Education, Training, Experience

  • Education - Most of these occupations require a four-year bachelor's degree, but some do not.
  • Training - Employees in these occupations usually need several years of work-related experience, on-the-job training, and/or vocational training.
  • Experience - A considerable amount of work-related skill, knowledge, or experience is needed for these occupations. For example, an accountant must complete four years of college and work for several years in accounting to be considered qualified.



  • Reading Comprehension - Understanding written sentences and paragraphs in work related documents.
  • Active Listening - Giving full attention to what other people are saying, taking time to understand the points being made, asking questions as appropriate, and not interrupting at inappropriate times.
  • Writing - Communicating effectively in writing as appropriate for the needs of the audience.
  • Speaking - Talking to others to convey information effectively.
  • Critical Thinking - Using logic and reasoning to identify the strengths and weaknesses of alternative solutions, conclusions or approaches to problems.
  • Active Learning - Understanding the implications of new information for both current and future problem-solving and decision-making.
  • Learning Strategies - Selecting and using training/instructional methods and procedures appropriate for the situation when learning or teaching new things.
  • Monitoring - Monitoring/Assessing performance of yourself, other individuals, or organizations to make improvements or take corrective action.
  • Social Perceptiveness - Being aware of others' reactions and understanding why they react as they do.
  • Coordination - Adjusting actions in relation to others' actions.
  • Persuasion - Persuading others to change their minds or behavior.
  • Negotiation - Bringing others together and trying to reconcile differences.

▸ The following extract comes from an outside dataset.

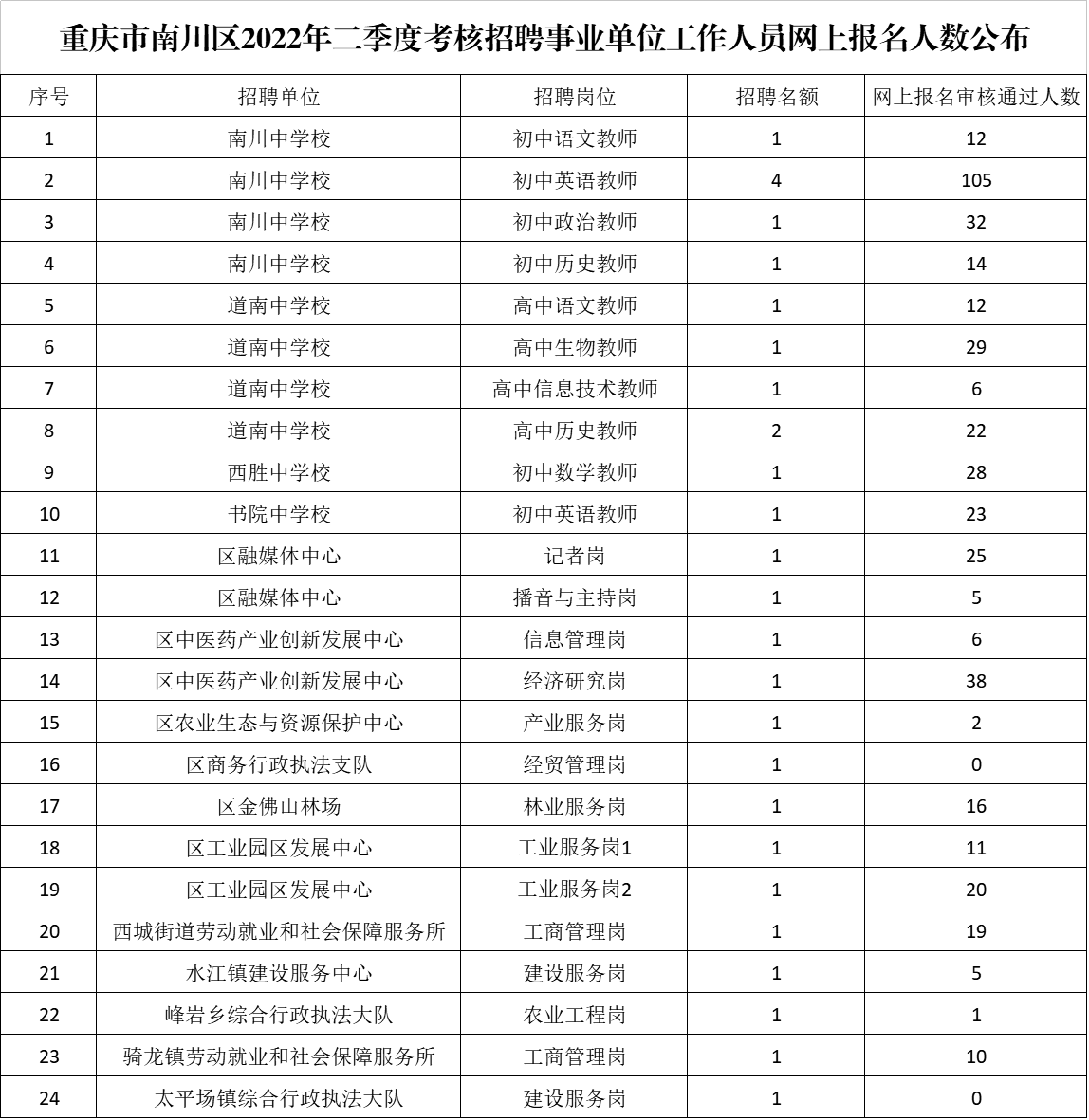 附件:重慶市南川區(qū)2022年二季度考核招聘事業(yè)單位工作人員網(wǎng)上報名人數(shù)公布

  • Complex Problem Solving - Identifying complex problems and reviewing related information to develop and evaluate options and implement solutions.
  • Operations Analysis - Analyzing needs and product requirements to create a design.
  • Judgment and Decision Making - Considering the relative costs and benefits of potential actions to choose the most appropriate one.
  • Systems Analysis - Determining how a system should work and how changes in conditions, operations, and the environment will affect outcomes.
  • Systems Evaluation - Identifying measures or indicators of system performance and the actions needed to improve or correct performance, relative to the goals of the system.
  • Time Management - Managing one's own time and the time of others.
  • Management of Personnel Resources - Motivating, developing, and directing people as they work, identifying the best people for the job.